How we manage our natural and human systems can improve, or degrade, our water quality in a changing climate. For instance, some agricultural practices, such as cover crops, may reduce soil erosion during heavy rainfall events and could reduce the amount of sediment and nutrients entering local waterbodies compared to bare farmland. Many communities, including Indianapolis and West Lafayette, have recently modified storm and wastewater systems to better accommodate high-intensity storms. Adopting land and water management practices that build more resiliency to shifting climate conditions is a consideration that will become increasingly important in the coming decades.

Floods

River Flooding

Indiana’s projected wetter winters and springs will lead to higher average streamflow in the state’s rivers and a greater risk of flooding, making streams more susceptible to record flooding events when local weather events bring wet weather to the region.

Changes in peak-flow events are difficult to predict as they tend to be the product of unique combinations of hydrological and meteorological conditions (e.g., wet soils, conversion of snow to rainfall, increasing precipitation, snow melt). Historically, Indiana's monthly streamflow has been greatest in January through March, coinciding with cold season conditions. Although annual peak flows can occur in autumn through spring (Byun et al., 2019), the majority of the highest stage events occur in the months January to March, with 16 of the 25 highest crests recorded during those months for the USGS gauge on the Wabash River at Lafayette, IN (USGS 2023).
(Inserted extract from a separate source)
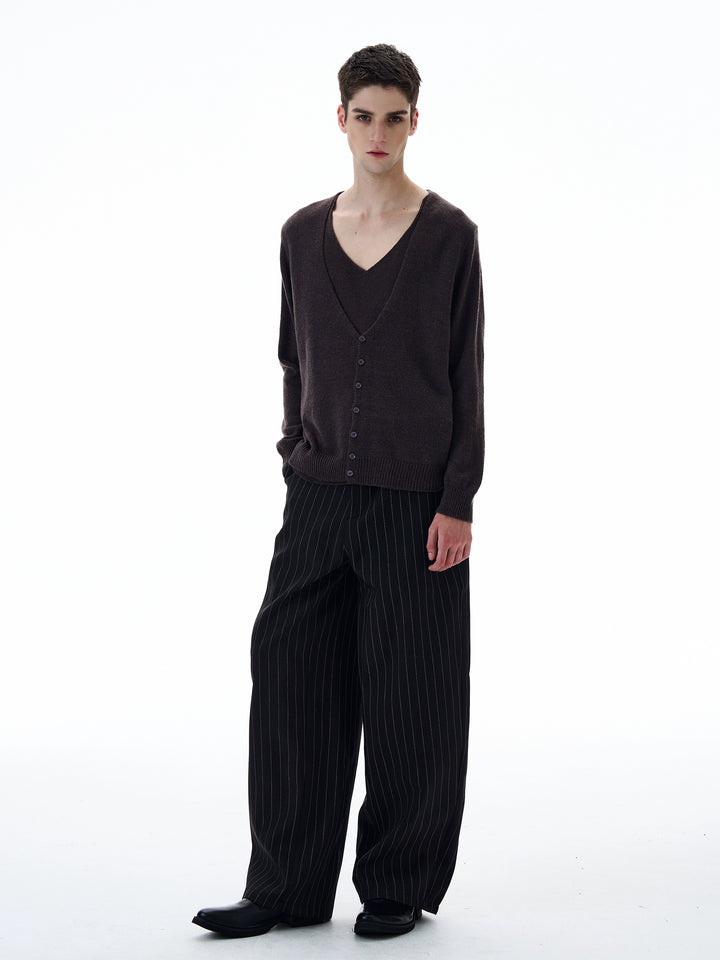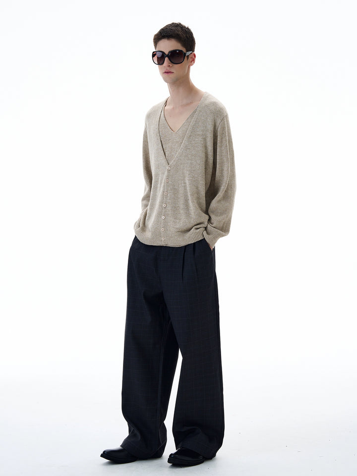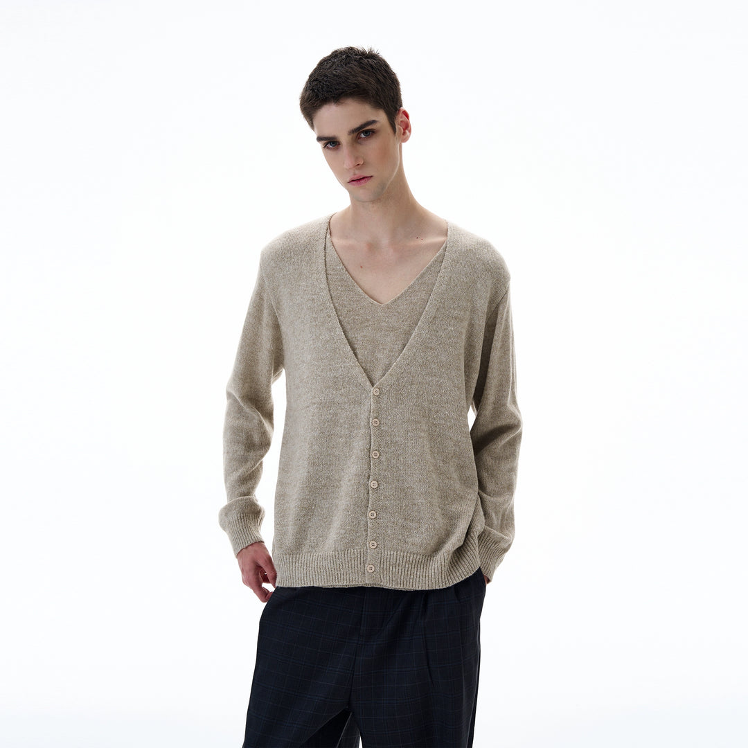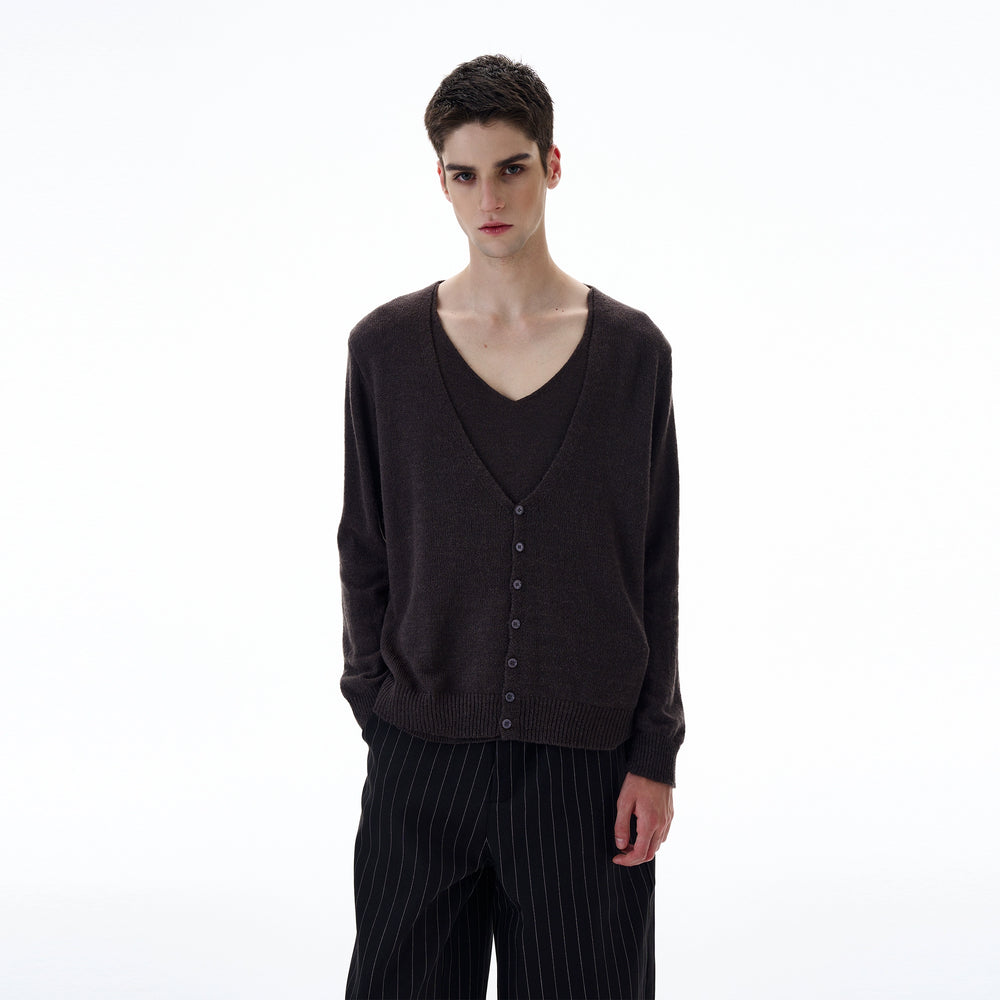 V-neck Wool Cardigan Sweater

Seven of the top 10 highest crests for the Tippecanoe River and four of the top 10 floods at the Patoka River USGS sites also fall within that date range (USGS 2020), highlighting the increased importance of antecedent snow conditions and snowmelt for the largest flood events in the northern most parts of the state.

Research from Byun et al. (2019) looked specifically at 100-year flood events8 throughout the Midwest and found that Indiana rivers show some of the largest projected increases in flood risk for the 20 Midwest rivers evaluated. For the high-emissions scenario for the 2080s, the Kankakee River at Wilmington, IL, is projected to experience about a 20 percent increase in the rate of streamflow associated with the 100-year flood, and the Wabash River at Mt. Carmel, IL, (just across the IN border) is projected to experience a more than 50 percent increase in the 100-year flood. In a separate analysis using the same methods, the St. Joseph River 9 at Niles MI (just across the IN border) is projected to experience a 45 percent increase in the 100-year event by the 2080s.

Future flooding simulations, such as those referenced above, assume that land-use practices and drainage activities within the watershed remain the same through the 2080s planning horizon. Predicting the impacts of changes in land use (likely including an increase in impervious areas) and agricultural drainage activities (likely including an increase in density of subsurface drainage and surface ditching) is difficult to predict. However, these impacts will likely result in even greater increases for high-flow events and subsequent flooding.

Estimating Extremes is Difficult, Especially in a Changing Environment

This chart shows the annual peak streamflow in the St. Joseph River9 (at Niles, MI) from 1971 to 2017 (Source: USGS, 2023). Pre- and post-1975 are denoted in blue and red, respectively. The post-1975 mean is 21 percent higher than pre-1975 mean (P=0.0014), implying that flood risk is increasing over time.

High-impact, low-probability events – like those described as a 100-year flood or a 500-year rainfall event – shape the way we build drainage systems, where we build houses, how we price insurance and much more. Scientists estimate the likelihood of these extreme events using statistical analysis of historical events (and the longer the record the better!) The assumption is that what happened in the past is relevant and a good representation of what may happen in the future. This is a concept known as stationarity.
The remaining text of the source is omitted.